AIM OF THE TASK:
Could you write out, exactly, every line from the top of the data through the line holding "1133 S 1400 EAST A"? Omit the pictures.

PROVIDED ENTRIES:

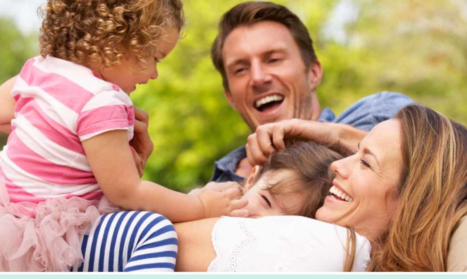
Keeping you well, and feeling good.
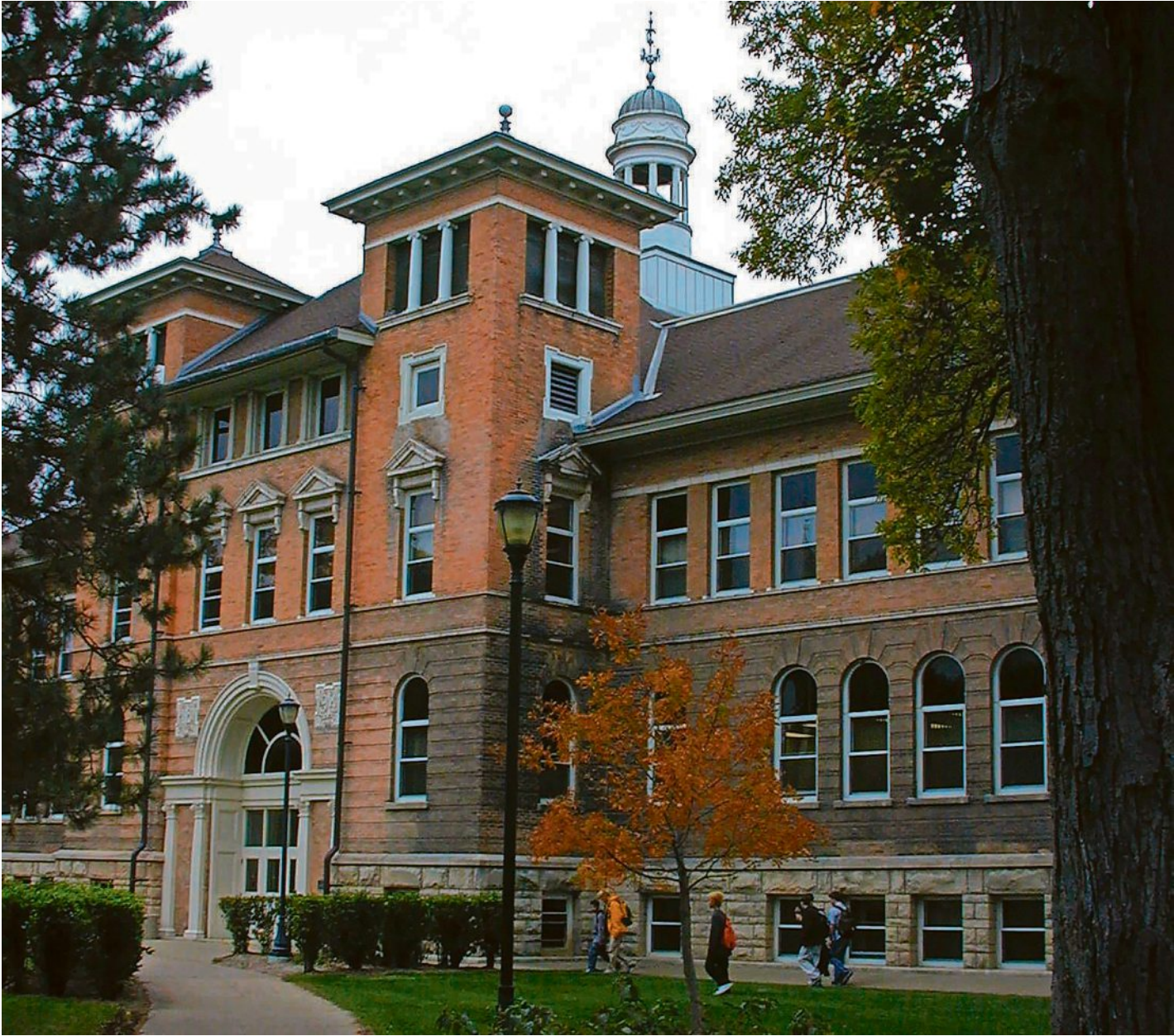
Old Main on campus at the University of Wisconsin-Stevens Point.
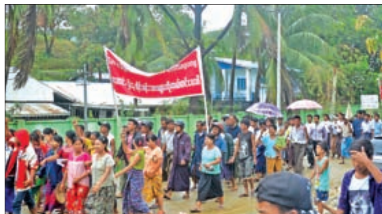
Protestors take to the streets to protest against the deadly attack on the Chakma ethnic tribe in Chittagaung hilly areas.
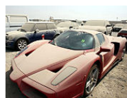
Abandoned Luxury Cars from Dubai Lists and News
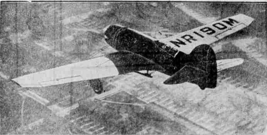
Here is the low-wing, single-cockpit plane of Capt. James Mollison as it left New York on a one-stop flight to London. The plane has a sliding hood to convert it into a closed type. Mollison intended to navigate only with a gyroscope compass and artificial horizon.
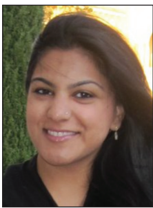
Batool F. Rizvi D.D.S., P.C.
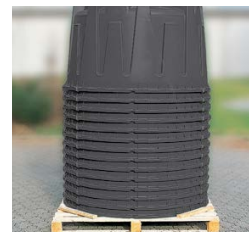
FIG. 4 Stackable Easy to transport. Up to 10 chambers per pallet.

Branches Nationwide Support Office & Technical Services 09 274 0316
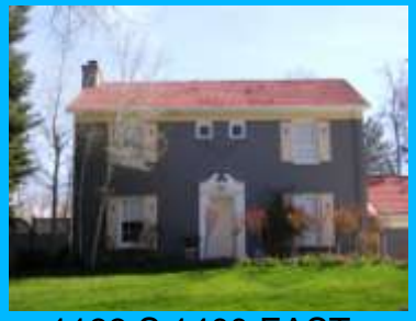
1133 S 1400 EAST A
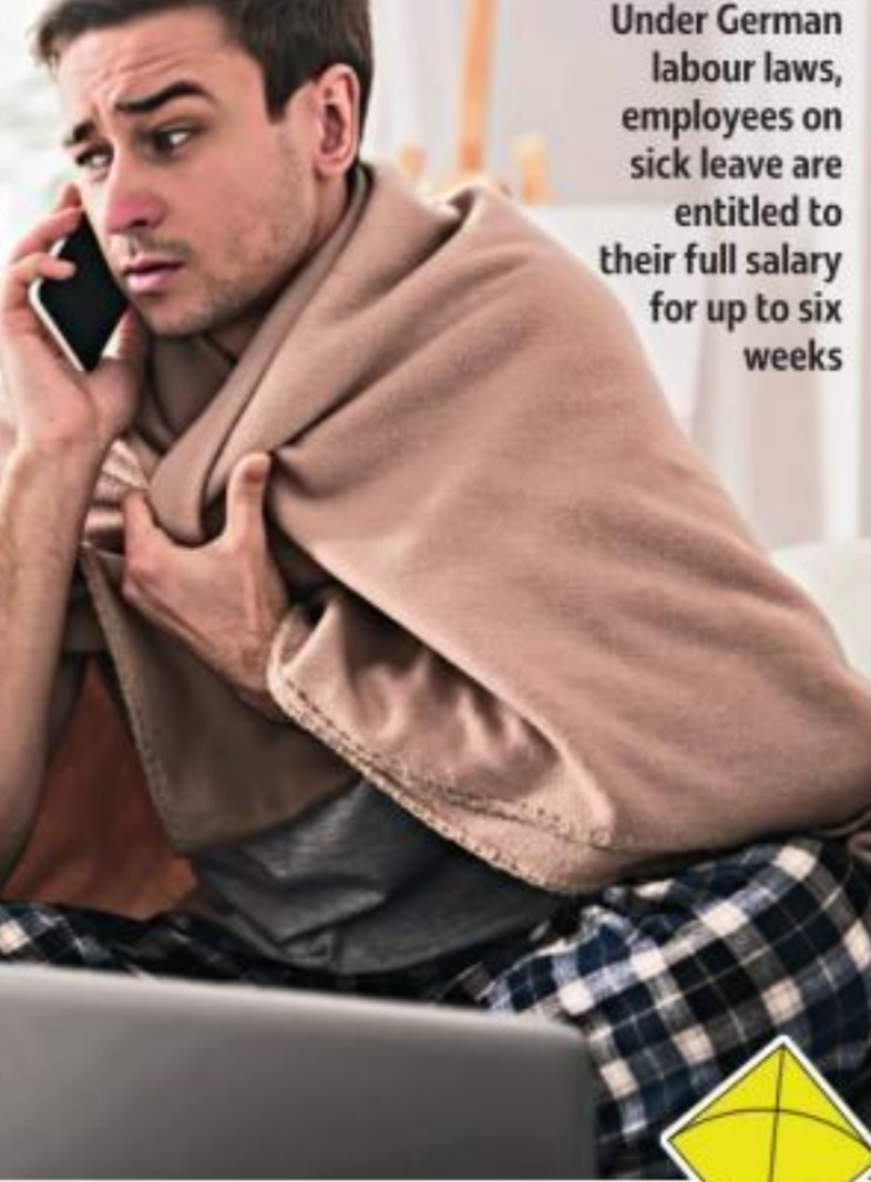
Under German labour laws, employees on sick leave are entitled to their full salary for up to six weeks

German companies are increasingly hiring private detectives to investigate employees suspected of abusing sick leave. Detective agencies report record demand, handling over 1,200 cases annually – double the number from recent years.
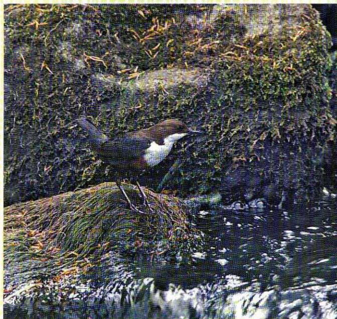
ONE OF THE RESIDENT DIPPERS

Attractions The area provides the holidaymaker with a wealth of attractions, including the festival town of Ludlow, famous for its festival and Michelin starred restaurants, the beautiful medieval town of Shrewsbury and the historic town of Ironbridge with its famous bridge and the fascinating Ironbridge Gorge museums.
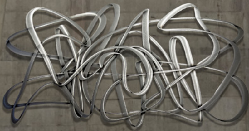
untitled 2024 acrylic on aluminium 192 x 85 x 0,2 cm
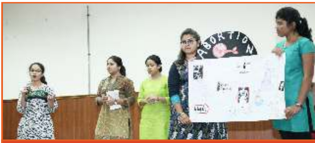
Legal Orientation Programme
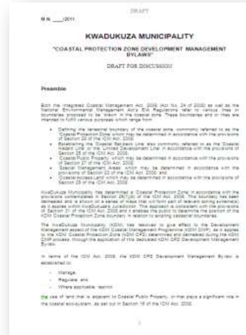
Figure 7. Draft Coastal Protection Zone Development Management By-Laws (Appendix E).
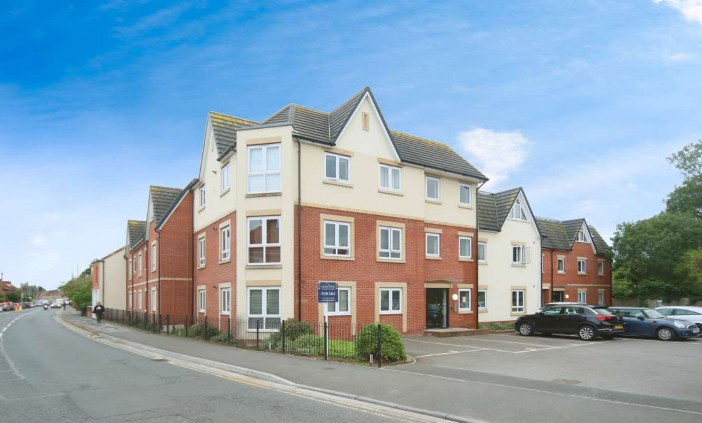
Carnival Court Taunton Road, Bridgwater TA6 6AF
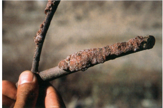
Fig. 7: Kerria lacca crust on twig.

The Indian scale insect, Kerria lacca (Fig. 7), forms encrustations on branches; one breaks the twigs with the encrustation into pieces (and puts them into water to use the dye). This substance is called lākṣā in the Sanskrit literature and described much like a mineral, probably because the crusts are not seen as being composed of individual insects. The word kṛmi - ‘worm’, on the other hand, is not used for the scale insect. Assumptions that Armenian karmir , or
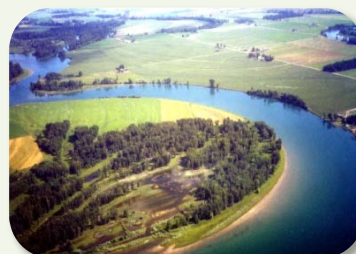
Foy's Bend
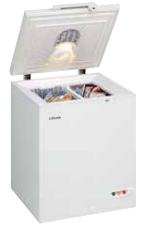
100 MM INSULATION
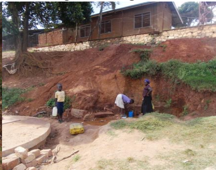
Underground tank near well
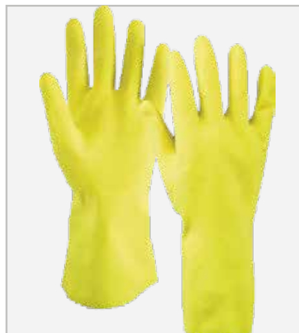
Yellow Household Flocklined Glove
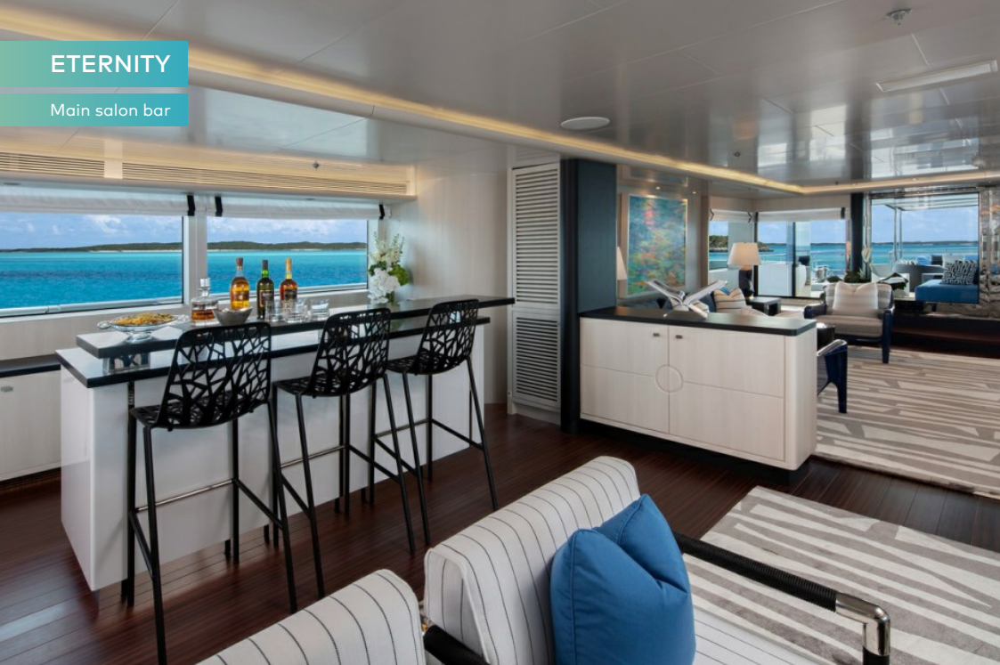
Main salon bar
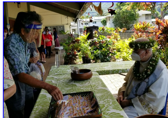
Happy Father's Day
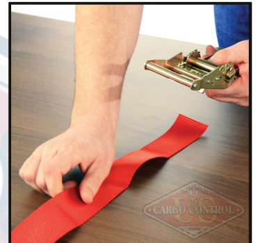
4) Pull webbing out of mandrel
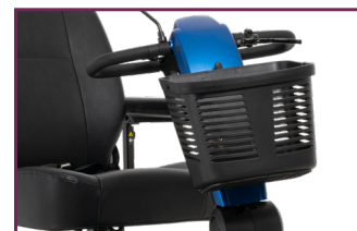
Easy Control Tiller
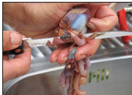
Cutting away the gizzard.

If you wish, you can cut through the muscle around the inner pouch, and peel the muscle mass away from the tough liner, leaving a butterfly-shaped cleaned gizzard. I usually prefer to cut away the muscle tissue in small bite-size pieces instead, keeping the blade’s edge away from the interior pouch and leaving it intact.
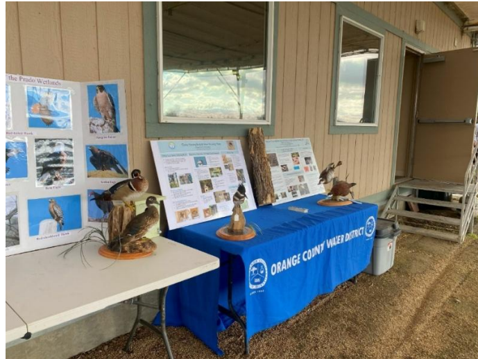
Figure 1. There are no permanent education/interpretive features at the Prado Field Office. Temporary educational stations, like the one pictured above, are set up for tour groups on an as-needed basis.

The following pictures illustrate current educational and interpretive features and facilities at the Prado Constructed Wetlands and Field Office.
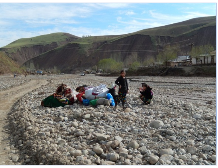
Displaced family in Shuroobod. Photo by REACT RRT, April 2014

National Commission of Emergency Situations is establishing final assessments of needs. According to preliminary information up to date, the below priorities have been identified:
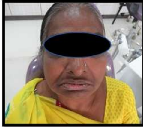
Normal extra-oral findings fig: c

On dental examination, it was found that she was partially edentulous with a history of using ill-fitted dentures for about a year. It was irritating to her buccal mucosa, so she stopped wearing the denture by herself. Calculus deposits were seen. There were no adverse habits. Her gait was normal, she was mesomorphic with pulse rate, blood pressure and other vitals were normal.
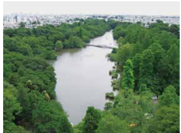
Full view of Inokashira Pond

Inokashira Pond ● This large pond stretches across the park from east to west. It boasts a large volume of water, comparable with that of Zenpu-kuji and Sanpoji Ponds, and excellent water quality. Inokashira Pond was once known as Nanai (seven well) Pond for its seven springheads; thus the bridge that spans the center of the pond is called Nanaibashi Bridge. The bridge provides an excellent view of Inokashira Pond and its aspects that change season-by-season.
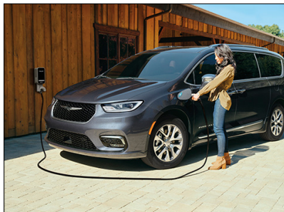
2022 Chrysler Pacifica
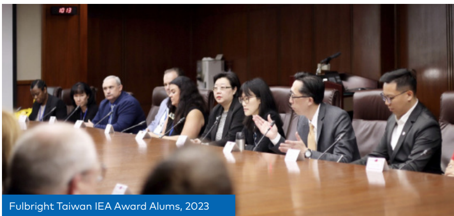
Fulbright Taiwan IEA Award Alums, 2023

▶ "My experience as a Fulbright IEA participant was outstanding. I made important gains in my professional research and networking as well as having the personal transformation of learning about a new culture."
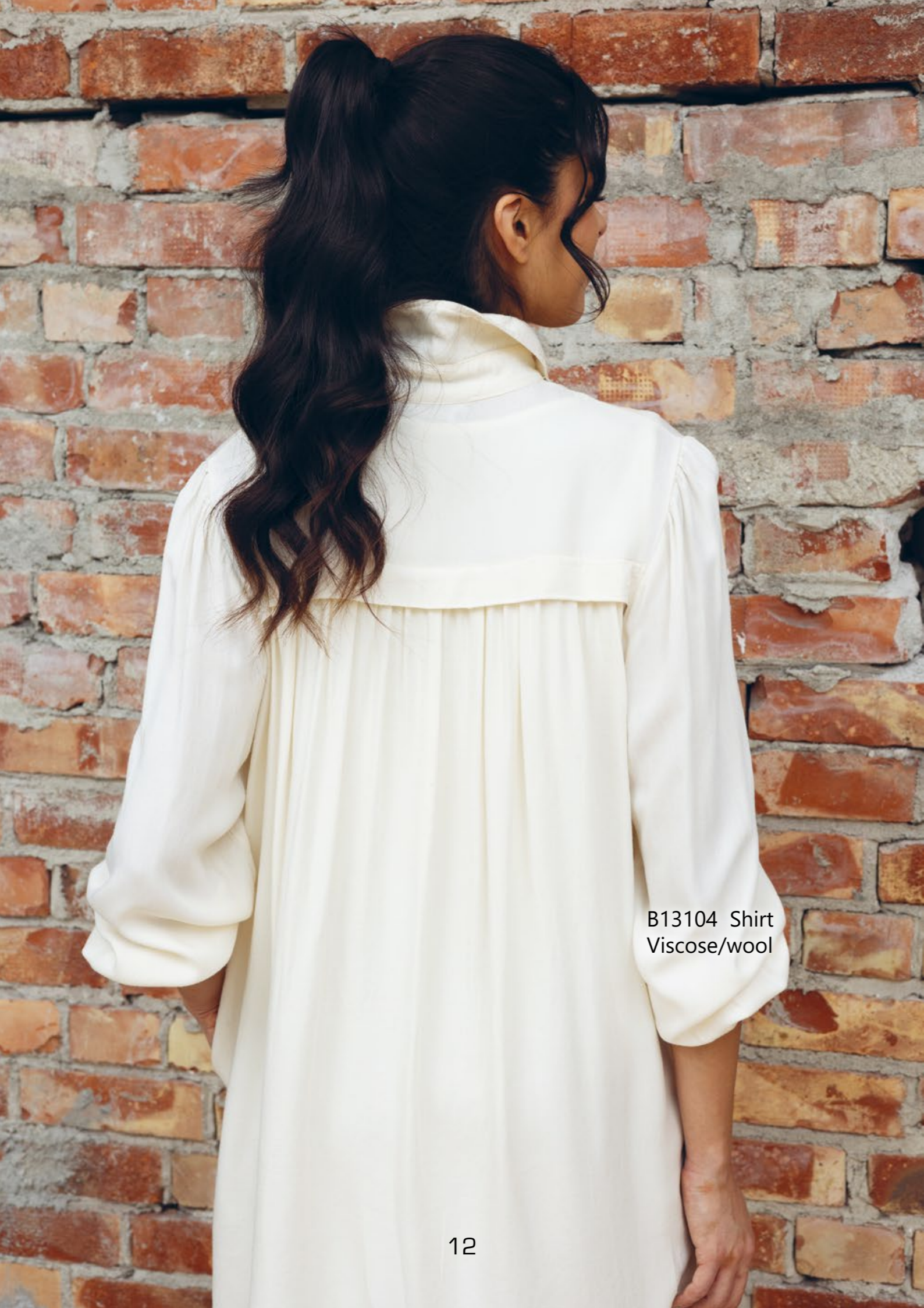
B13104 Shirt Viscose/wool
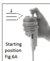
Starting position Fig.6A
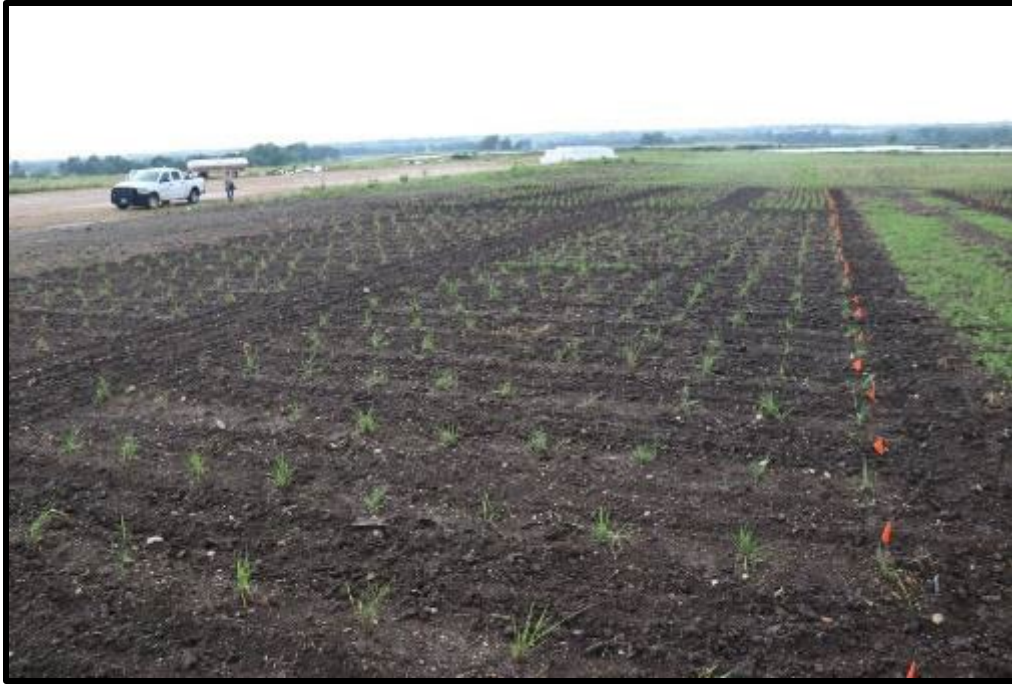
Figure 4-3. Initial evaluations of Indiangrass (front) and silver bluestem (back) located at the Daisy Farms Dairy in Paris, Texas.

Over the 3 year project period, plantings were undertaken in greenhouses at the South Texas Natives Farm (Kingsville, TX), Sul Ross State University (Alpine, TX), Texas A&M Agrilife Research- Stephenville (Stephenville, TX), and the USDA NRCS East Texas Plant Materials Center (Nacogdoches, TX). Greenhouse production numbers for FY 2019, 2020, and 2021 are illustrated in Table 4-1.
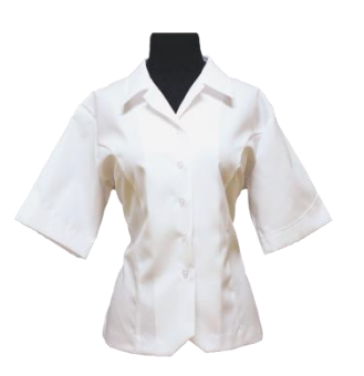
Women's White USMC Style Short Sleeve
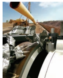
Formed tool bits for wall thicknesses in excess of 2.5in.
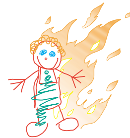
A Child's Nightlight Public Service Message Identity for the Prevention of Child Abuse
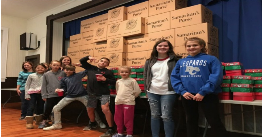
Youth delivering Operation Christmas Child 100 SHOE BOXES!
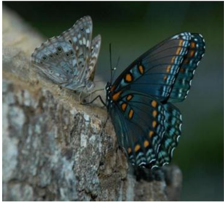
Hackberry butterfly (left) and Red-spotted Purple (right) (Hunt Co., Texas)

TASK OUTPUT:
Keeping you well, and feeling good.
Old Main on campus at the University of Wisconsin-Stevens Point.
Protestors take to the streets to protest against the deadly attack on the Chakma ethnic tribe in Chittagaung hilly areas.
Abandoned Luxury Cars from Dubai Lists and News
Here is the low-wing, single-cockpit plane of Capt. James Mollison as it left New York on a one-stop flight to London. The plane has a sliding hood to convert it into a closed type. Mollison intended to navigate only with a gyroscope compass and artificial horizon.
Batool F. Rizvi D.D.S., P.C.
FIG. 4 Stackable Easy to transport. Up to 10 chambers per pallet.

Branches Nationwide Support Office & Technical Services 09 274 0316
1133 S 1400 EAST A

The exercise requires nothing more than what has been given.